Mar 31, 2014 News
Within the next two weeks, Guyana hopes to begin the 2014 shipment of rice and paddy to neighbouring Venezuela.
According to the Ministry of Agriculture, the local team, comprising members of the Guyana Rice Development Board (GRDB) is working with the rice importing authority in Venezuela to conclude purchase orders and shipping schedules, as Guyana hopes to begin the process as soon as possible.
The shipment is expected to be made within the next two weeks, depending on the availability of ships, and how soon arrangements are concluded with Venezuelan authorities.
Based on the agreements, Guyana expects to ship close to 200,000 tons of rice at a price that is similar to last year’s prices.
Agriculture Minister, Dr.

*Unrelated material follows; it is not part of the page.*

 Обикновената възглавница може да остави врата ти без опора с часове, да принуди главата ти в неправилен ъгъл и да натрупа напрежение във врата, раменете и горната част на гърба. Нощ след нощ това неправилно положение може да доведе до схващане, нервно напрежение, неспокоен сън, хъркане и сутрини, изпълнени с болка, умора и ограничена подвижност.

Leslie Ramsammy said, “I have been disappointed in the approach of millers. I had personally assured them that the Venezuelan market is secure for 2014. I assured them that the political and administrative prerequisites for resumption of shipment of paddy and rice were concluded, and that logistical arrangements were the only outstanding issues to be agreed on.”

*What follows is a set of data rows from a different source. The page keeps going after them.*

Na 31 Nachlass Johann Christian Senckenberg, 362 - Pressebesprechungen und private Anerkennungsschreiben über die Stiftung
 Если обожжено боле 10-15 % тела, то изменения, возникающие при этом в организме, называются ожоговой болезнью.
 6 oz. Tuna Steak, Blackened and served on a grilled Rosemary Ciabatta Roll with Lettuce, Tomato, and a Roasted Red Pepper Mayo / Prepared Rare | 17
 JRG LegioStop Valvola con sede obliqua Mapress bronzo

The Minister said that in such circumstances, he had asked that millers be fair in their pricing arrangements with farmers.
“I met as many of these millers in person and spoke with them. I made public statements urging millers to be fair to farmers in terms of pricing for paddy.”
Dr. Ramsammy said that thus far, he is grateful to the millers who responded to his urgings, reiterating that he has asked GRDB to ensure that access to the Venezuelan market is prioritized for millers who are fair to farmers.
“I do believe that prices below $3,500 for acceptable grades are unfair to farmers and I will ensure that the GRDB gives priority to those millers who pay prices that are consistent with this view.”
The Agriculture Minister said that he has also instructed the GRDB staffers to work closely with the National Bureau of Standards to regularly test the calibration of scales so as to ensure that farmers’ paddy are being weighed accurately.
In addition to certification from the Bureau, random testing of the validity of the weights will be conducted without notice.
He noted that similarly, “we have once again discovered that incorrect practices are utilized in the implementation of the Rice Factories Act in the calculation of bags of paddy after weighing, and taking into consideration moisture and dockage (extraneous matter).”
The Minister highlighted that this is an important issue, since it affects the total payment to the farmers. “I have asked for a 100% audit of all factory slips to ensure that proper calculations are being used. Where anomalies have been found, the GRDB will force corrections to be made in accordance with the law,” Dr. Ramsammy said.
Corrections, he said, would have to be made within 48 hours. Failure to do such will result in the suspension of licenses.
The Agriculture Minister stated, “Farmers have ensured that they invest in a significant way. Farmers will invest almost $28B this year in the rice industry. These are mostly small-scale family farmers and this is a significant investment made by ordinary citizens. They operate as private sectors and are not big business, but their collective investment is on the level of big business. They provide self-employment and employment for family members and rural community members.”
As such, Dr. Ramsammy believes that the farmers should be treated fairly.
Pointing out that there are about 75 millers in the country who also make investments, Dr. Ramsammy said that it is only right and proper that their investments are recovered.
“Whether it is millers or farmers, they are all business entities and each is entitled to a fair profit.”